One challenge is money. Each drone costs $70,000, and that’s before they even begin operating.
“Everything is expensive at Base Camp,” Bikram said.
“Because there’s no electricity we need a lot of fuel to charge batteries. The cost of actually getting to the camp, the manpower cost, accommodation, food, there’s a lot.”
For Bikram, an aeronautical engineer, drones have always been a passion. He made a “DIY Drone” in Nepal over a decade ago at a time when they were almost nonexistent in the country. This proved vital in assisting aid efforts during the 2015 Nepal earthquake.
“It’s not just that we are providing equipment. Search and rescue is one of our main priorities. When people veer off the trail we can help geolocate them,” Pandey added.
Some in the Sherpa community are turning away from working in the perilous high mountains and instead are moving abroad for better jobs and pay.
“We hope that our drones will actually make this a safer profession and bring more people back to this climbing tradition. It’s what our country is known for, and without the expertise of the Sherpas we would never be able to navigate this terrain,” Pandey said.
Behind the frontman
28-year-old Dawa Janzu Sherpa has been a “frontman” on Everest with the icefall doctors for eight years. The team of Sherpas is led by an elder who has developed his expertise in navigation and decides the trail, but it is the frontman with his might and youth who goes to the icefall first.

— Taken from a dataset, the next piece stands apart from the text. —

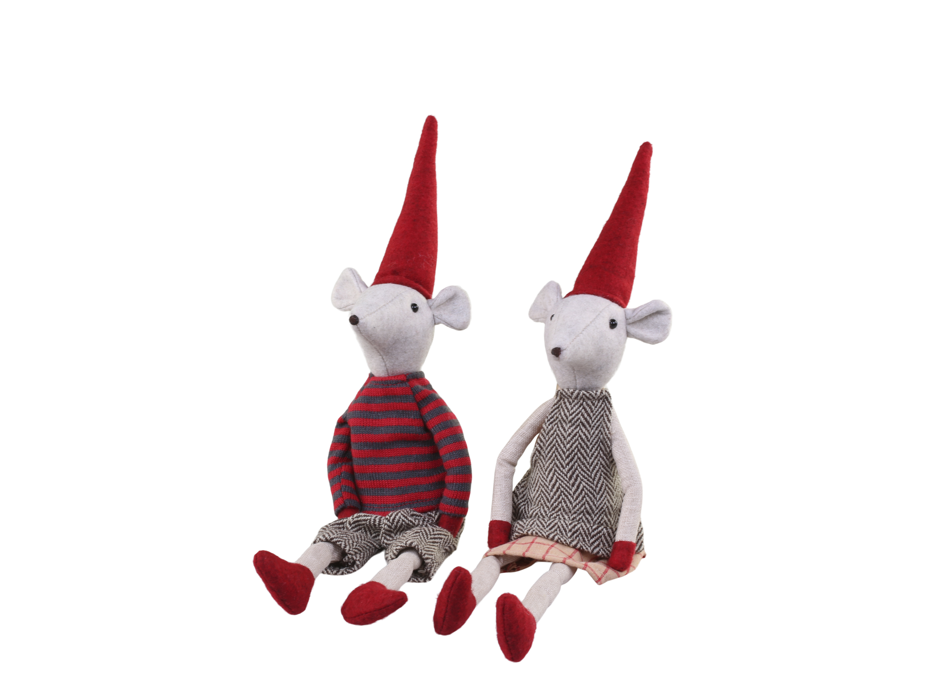 Chic Antiquen ihastuttava Noa -hiiri. Noan voit asettaa istumaan nojatuoliin tai sohvalle. Hiirellä on yllään raitapaita,housut ja punaiset tossut. Punaisessa tonttulakissa on rautalanka ja sitä voit käännellä haluamaasi suuntaan. Myös käsiä voi taivuttaa. Hiiren korkeus 38cm.

“This season there is a lot of dry ice which makes it very hard to fix trails, and there are a lot of ice towers in between,” he said. While drones can now be used to determine a tentative path before they set out, inclement weather means that things are constantly changing.
Janzu Sherpa says this is a risky job, and with employment hard to come by, for him, this work has been more about the paycheck than the passion. Drones have been reducing time and risk level by half.
“Our work is time sensitive. If we don’t fix the trails quickly upcoming expeditions will be slowed down, so having the drones bring the equipment up means that we don’t have to go back down just to bring the ladder up with us.”
“With the bad weather we’ve seen so far this year we would not have fixed the trail in time if not for that help,” he added.
Janzu Sherpa is the sole breadwinner for his wife and two daughters. “This is an adventurous job and there is a lot of risk, so if there’s a way to make it safer I welcome it.”
The first group of climbers have reached Base Camp for the 2025 climbing season. It’s a narrow season, so almost everyone will attempt their ascents in April and May.
Drone use “is part of the evolution of climbing,” says Caroline Ogle of New Zealand-based Adventure Consultants, who has spent five seasons at Base Camp managing expeditions from what she refers to as “the amphitheater of Everest.”
“If you compare back to the early years … when there were no satellite phones or the kind of weather forecasting we have available now, all those types of technology have evolved to make climbing safer. I feel the use of drones is part of that natural evolution, particularly in the context of making things safer for the high altitude workers (Sherpas),” Ogle said.
Lisa Thompson, who has climbed the seven summits — the highest peak on all seven of the traditional continents — and now trains climbers through US based Alpine Athletics, agrees with Ogle and sees drones as a “welcome and responsible evolution.”
“I don’t believe this innovation takes away from the craft or tradition of climbing. The mountain is still the mountain. The challenge is still real.”